A wave of nausea overcame Kostas as the taste of brine burned the back of his throat. He pushed aside the book he had been reading. Hard as he tried, he could not tear his gaze from the rows of tiny maroon hearts arranged on the wooden worktop or from the gutted warblers in glass jars, their beaks half open. Quietly, he began to cry.
‘What happened, paidi mou?’ Panagiota wiped her hands on her apron, ran towards him. ‘Are you sick? Does your stomach hurt?’
Kostas shook his head, struggling to speak.
‘Tell me, did someone say something, my love?’
His throat thickened as he gestured to the worktop. ‘Don’t do that, Mama. Don’t want to eat them any more.’
Startled, she stared at him. ‘But we eat animals – cows, pigs, chickens, fish. Otherwise we’ll starve.’
He couldn’t think of a good answer to that and he didn’t pretend to have one. Instead he muttered, ‘These are songbirds.’
She raised her eyebrows, a shadow falling across her face and then disappearing. She seemed to be about to say something else but changed her mind. With a sigh, she tousled his hair. ‘All right, if it upsets you so much …’

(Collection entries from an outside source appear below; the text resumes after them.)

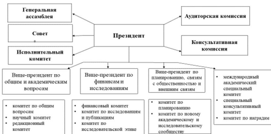
Рис. 2. Структура Корейской ассоциации региональной науки

минаре могут все желающие, не только члены одной из четырех организаций, спонсирующих это мероприятие. На данный момент было проведено 10 семинаров, два из них проводились в Корее – 4-й в Сеульском университете в 2014 г. и 8-й – в Национальном университете Чеджу (г. Чеджу) в 2018 г. [Asian Seminar].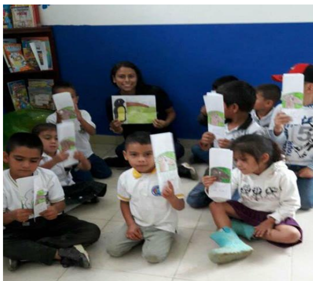
Actividad cuento infantil – mediante un friso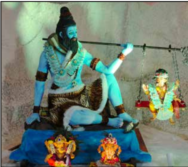
शिवाय मित्र मंडळ देवी दयाल रोड, मुलुंड पश्चिम, यंदाचे पहिले वर्ष, कैलास पर्वत साकारल्यानंतर बाप्पा भगवान शिवाच्या त्रिशूळावर डोलताना दिसतात.

But in that moment when the world spun in slow circuits, Kostas caught a gleam in his mother’s eyes, full of compassion and apprehension. He sensed what she was thinking. He knew his mother found him too sensitive, too sentimental, and somehow more difficult to understand than her other sons.
The three brothers were very different from one another, and as the years had gone by those differences had only deepened. As much as he loved books, Kostas did not wish to be a poet, a thinker, like his older brother. Michalis lived inside language, always searching long and hard for the precise word, as if meanings were something that needed to be chased and hunted down. He called himself a Marxist, a syndicalist, an anti-capitalist – labels that tangled up in his mother’s mind like bougainvillea climbing a wall. He said working-class people of all countries would some day unite to overthrow their common oppressor, the rich, and on that account, a Greek peasant and a Turkish peasant were not enemies but simply comrades.